REQUIRED ACTION: Omit the pictures and return exactly the stretch of the material below from the line with "Fügen Sie diesem" through the line with "25 ноября 2023".
*** EXERCISE DATA Section Begins ***
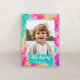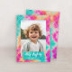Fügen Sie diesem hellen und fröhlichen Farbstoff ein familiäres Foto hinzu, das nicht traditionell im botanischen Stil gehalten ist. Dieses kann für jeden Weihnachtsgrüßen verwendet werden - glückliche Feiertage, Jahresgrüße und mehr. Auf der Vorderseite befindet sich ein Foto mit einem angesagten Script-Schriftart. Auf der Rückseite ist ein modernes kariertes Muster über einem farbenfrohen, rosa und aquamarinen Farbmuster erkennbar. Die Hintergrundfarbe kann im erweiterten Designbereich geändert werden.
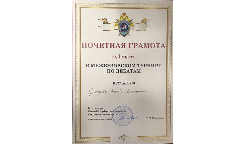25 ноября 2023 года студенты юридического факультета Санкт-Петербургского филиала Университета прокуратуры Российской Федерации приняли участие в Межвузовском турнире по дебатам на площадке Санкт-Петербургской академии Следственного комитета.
*** EXERCISE DATA Section Ends ***
*** EXERCISE DATA Section Begins ***
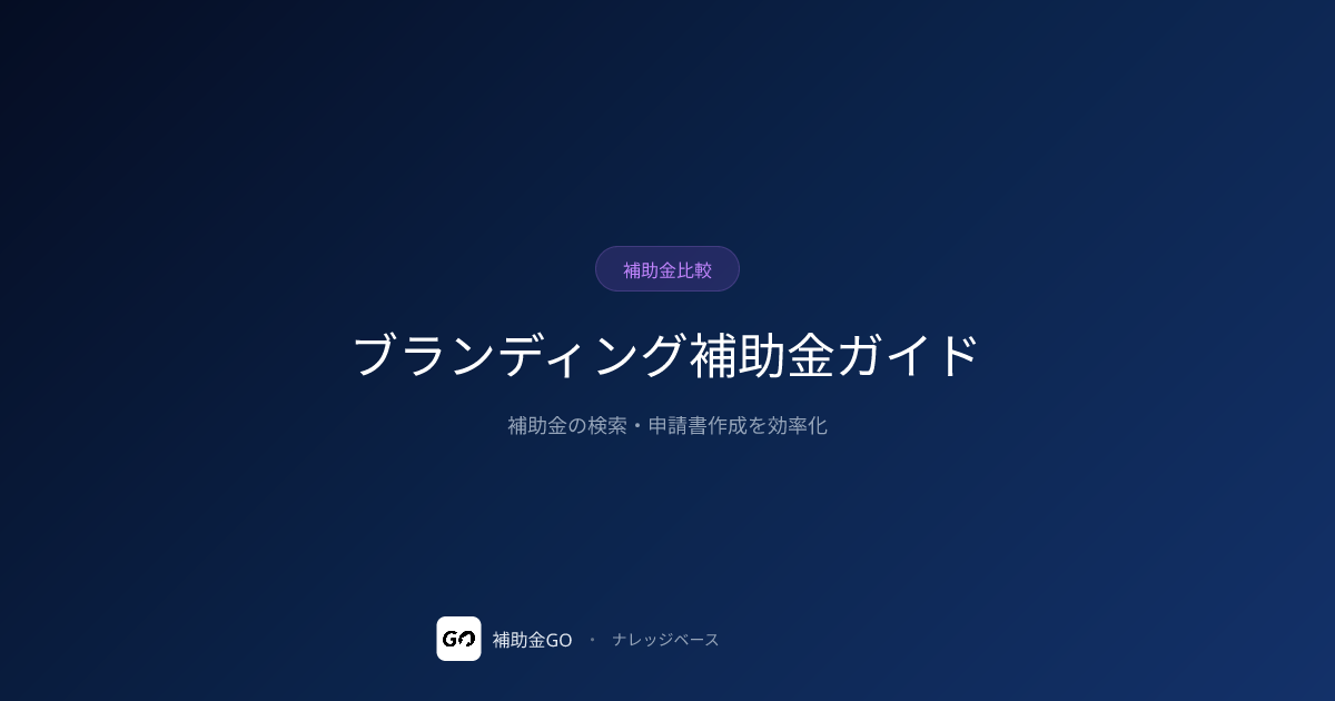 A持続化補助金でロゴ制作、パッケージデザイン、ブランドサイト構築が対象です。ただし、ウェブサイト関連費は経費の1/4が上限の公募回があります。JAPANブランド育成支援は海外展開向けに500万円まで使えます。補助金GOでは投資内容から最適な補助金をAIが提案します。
*** EXERCISE DATA Section Ends ***
*** EXERCISE DATA Section Begins ***
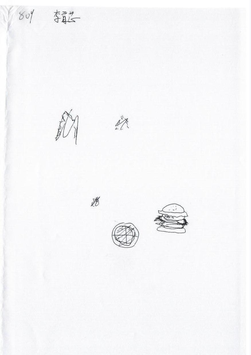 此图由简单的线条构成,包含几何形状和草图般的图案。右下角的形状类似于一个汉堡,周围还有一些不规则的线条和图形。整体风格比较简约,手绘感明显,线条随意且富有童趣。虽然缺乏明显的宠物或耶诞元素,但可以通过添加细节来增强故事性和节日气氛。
*** EXERCISE DATA Section Ends ***
RESULT FOR THIS EXERCISE:
Fügen Sie diesem hellen und fröhlichen Farbstoff ein familiäres Foto hinzu, das nicht traditionell im botanischen Stil gehalten ist. Dieses kann für jeden Weihnachtsgrüßen verwendet werden - glückliche Feiertage, Jahresgrüße und mehr. Auf der Vorderseite befindet sich ein Foto mit einem angesagten Script-Schriftart. Auf der Rückseite ist ein modernes kariertes Muster über einem farbenfrohen, rosa und aquamarinen Farbmuster erkennbar. Die Hintergrundfarbe kann im erweiterten Designbereich geändert werden.
25 ноября 2023 года студенты юридического факультета Санкт-Петербургского филиала Университета прокуратуры Российской Федерации приняли участие в Межвузовском турнире по дебатам на площадке Санкт-Петербургской академии Следственного комитета.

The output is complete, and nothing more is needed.